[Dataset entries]
==================================================

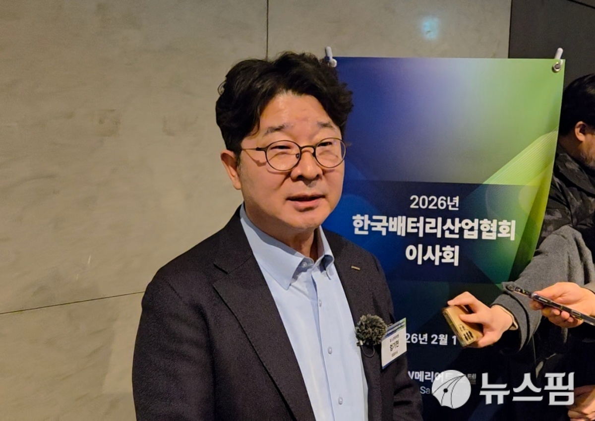 [서울=뉴스핌] 김아영 기자 = 엄기천 포스코퓨처엠 대표이사 사장이 11일 서울 서초구 JW메리어트텔에서 열린 '2026년 한국배터리산업협회 이사회' 직후 취재진의 질문에 답변하고 있다. 2026.02.11 aykim@newspim.com
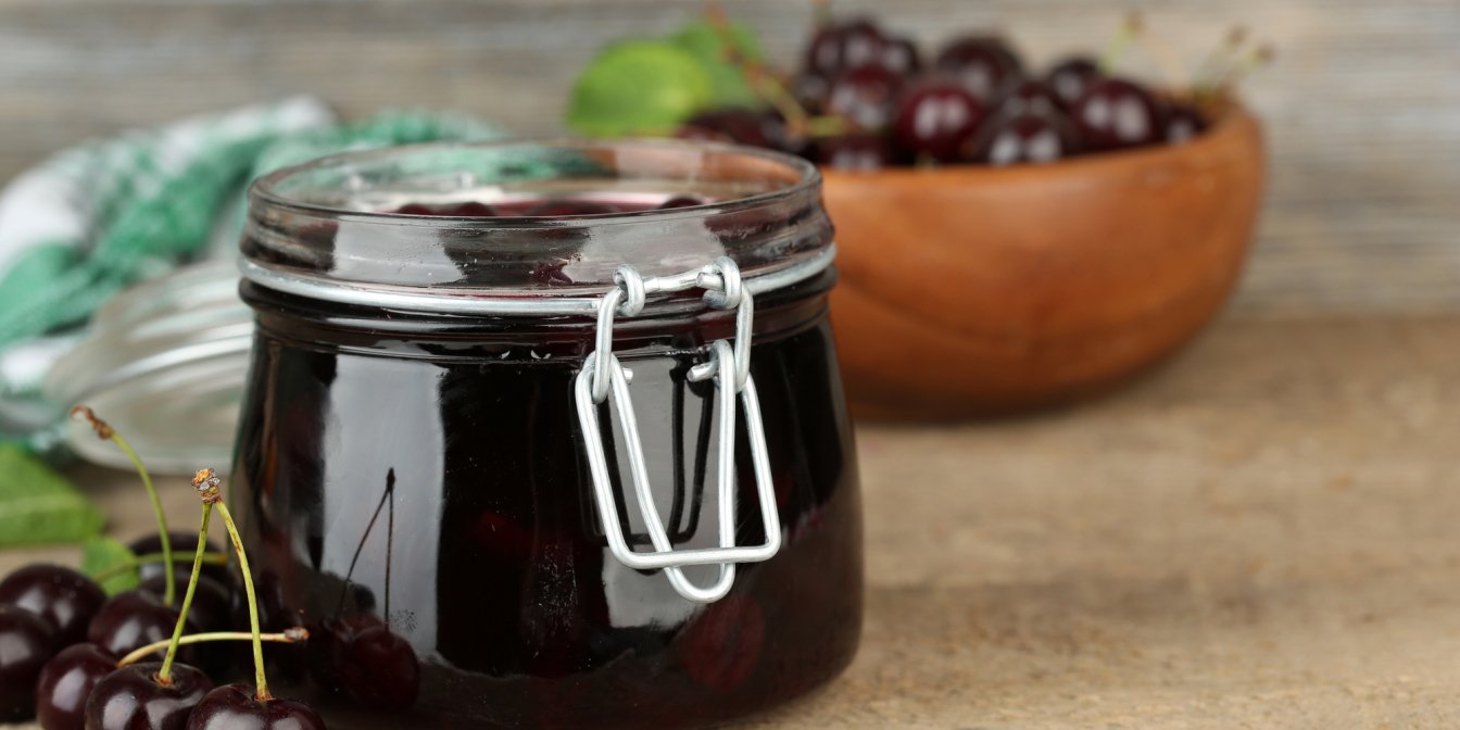 Вишневый конфитюр — это сладкая и густая намазка, приготовленная из спелых ягод, сахара и загустителя (у нас «Желфикс»). Для аромата мы также добавляем лимон и корицу.
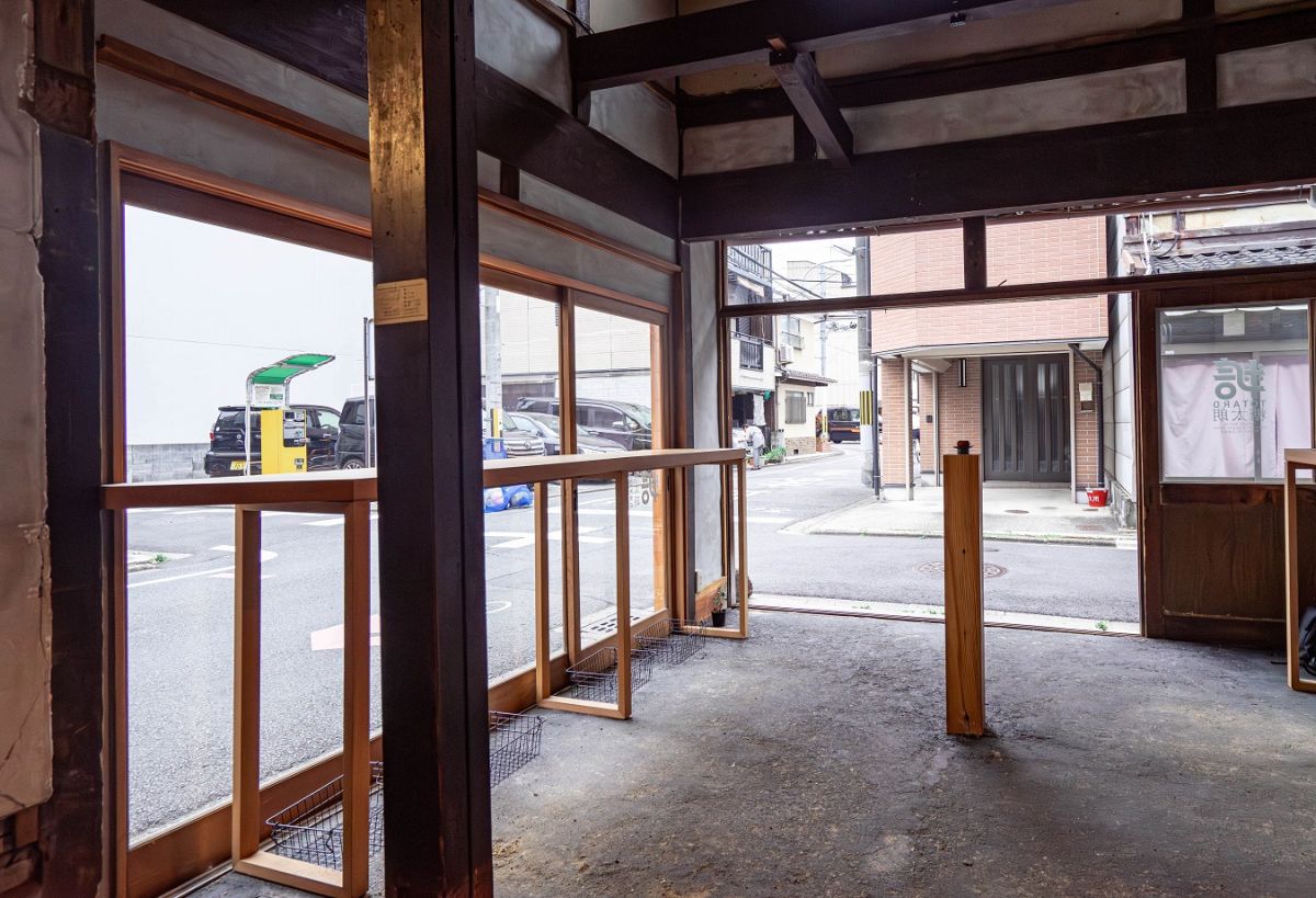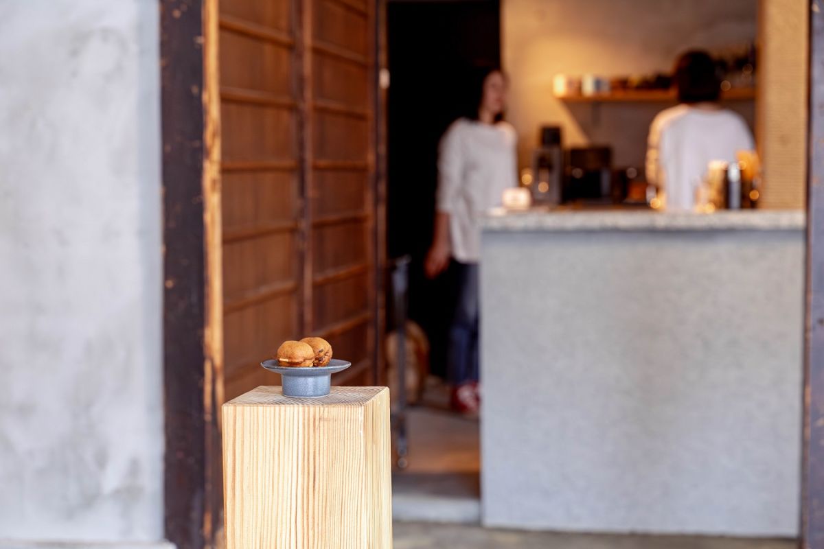 この地で歴史を刻んできた建物に、あえて過度な装飾を加えず最小限だけ手を入れてリニューアル。ミニマルな美しさの中に、瓦屋根やモルタルのひび割れ、トタンのサビなど経年を感じさせるアクセントが生き、なんとも趣のある外観です。
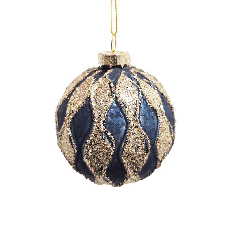 Julekugle Sort med mønster i sølvfarvet. Julekuglerne er med tydelig struktur i glasset og forskellige mønstre. De måler 8 cm i diameter.Pakket med 1 stk.
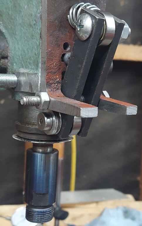 The quill on this machine has tons of slop. I need some way to eliminate this. So I made this contraption from scrap. What this does is uses a 608 bearing in a spring loaded arm to hold the quill to one side. This is crude but works well enough for what I'm doing.
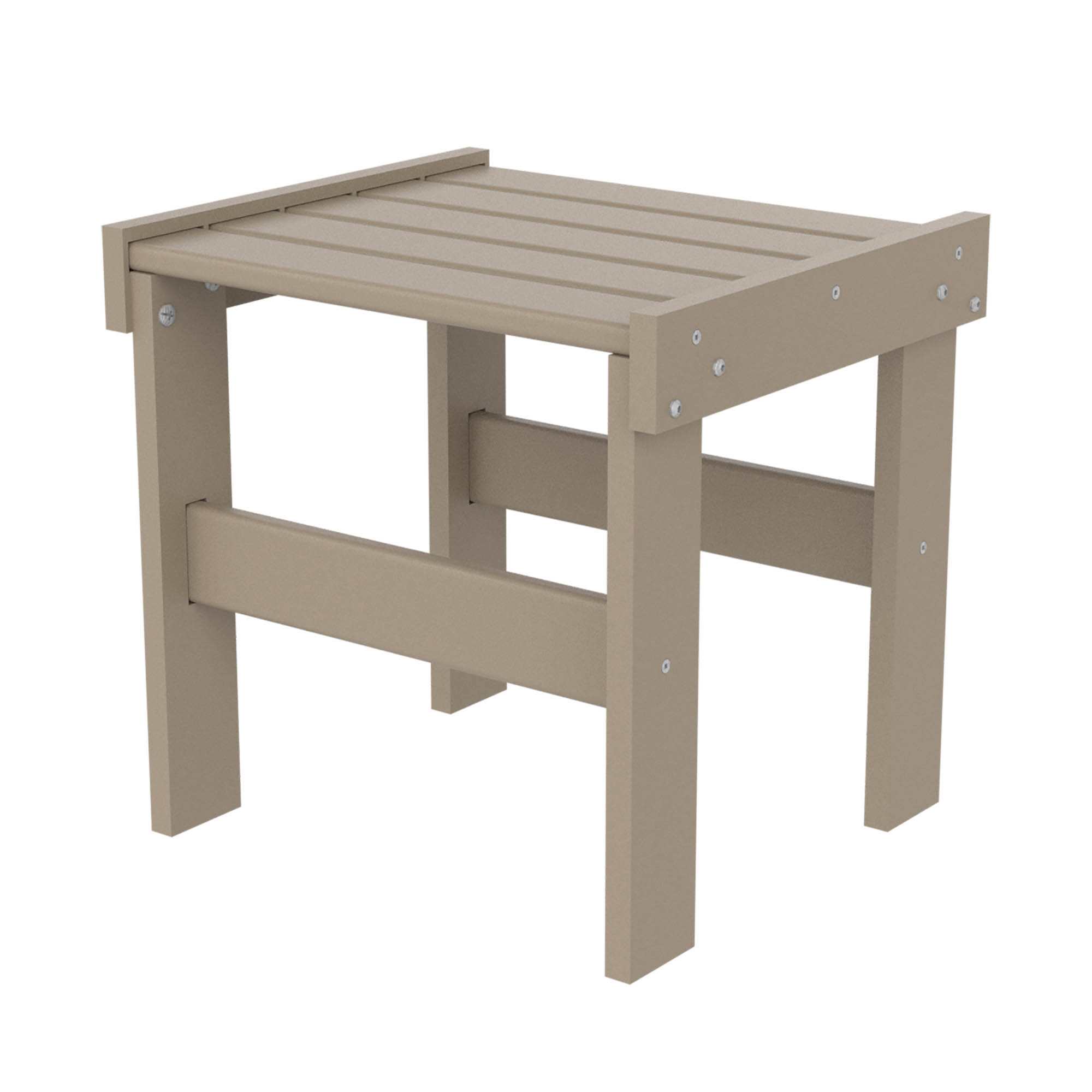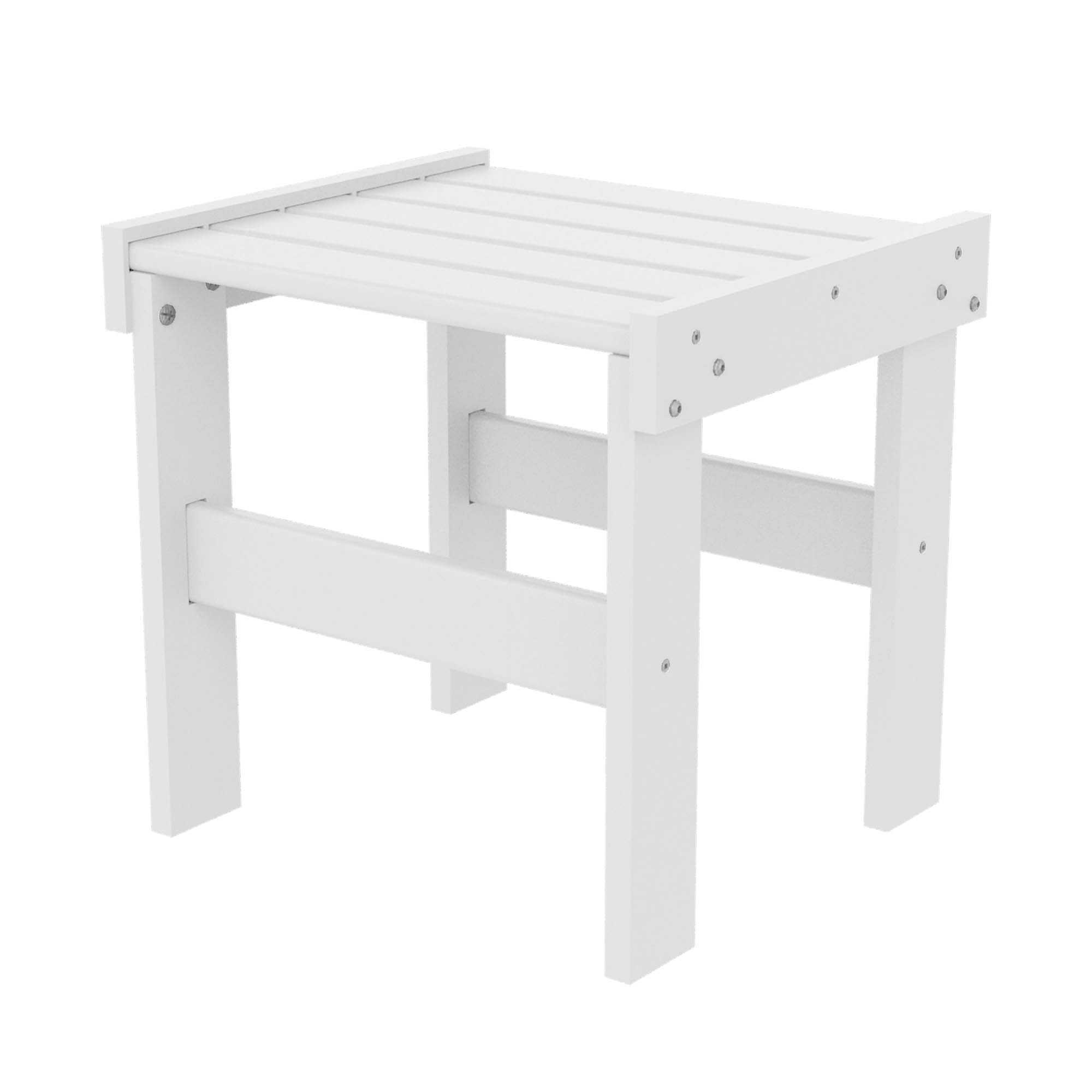 The DURAWOOD® poly lumber used to construct this side table is made from HDPE recycled consumer plastic that's been sterilized for safety and to eliminate impurities. DURAWOOD® contains no waste-wood fiber, so it not only won't absorb water but also won't rot, splinter, crack or attract termites. It also never needs stain or any other kind of sealant, yet holds up to vigorous rains, extreme temperatures, and high winds, making it the perfect outdoor furniture material.

==================================================

> _Activity_
The line holding "Вишневый конфитюр —" starts the copy and the line holding "この地で歴史を刻んできた建物" ends it. Repeat those two lines above and all between them exactly, leaving out pictures.

> _Solution for this task_
 Вишневый конфитюр — это сладкая и густая намазка, приготовленная из спелых ягод, сахара и загустителя (у нас «Желфикс»). Для аромата мы также добавляем лимон и корицу.
 この地で歴史を刻んできた建物に、あえて過度な装飾を加えず最小限だけ手を入れてリニューアル。ミニマルな美しさの中に、瓦屋根やモルタルのひび割れ、トタンのサビなど経年を感じさせるアクセントが生き、なんとも趣のある外観です。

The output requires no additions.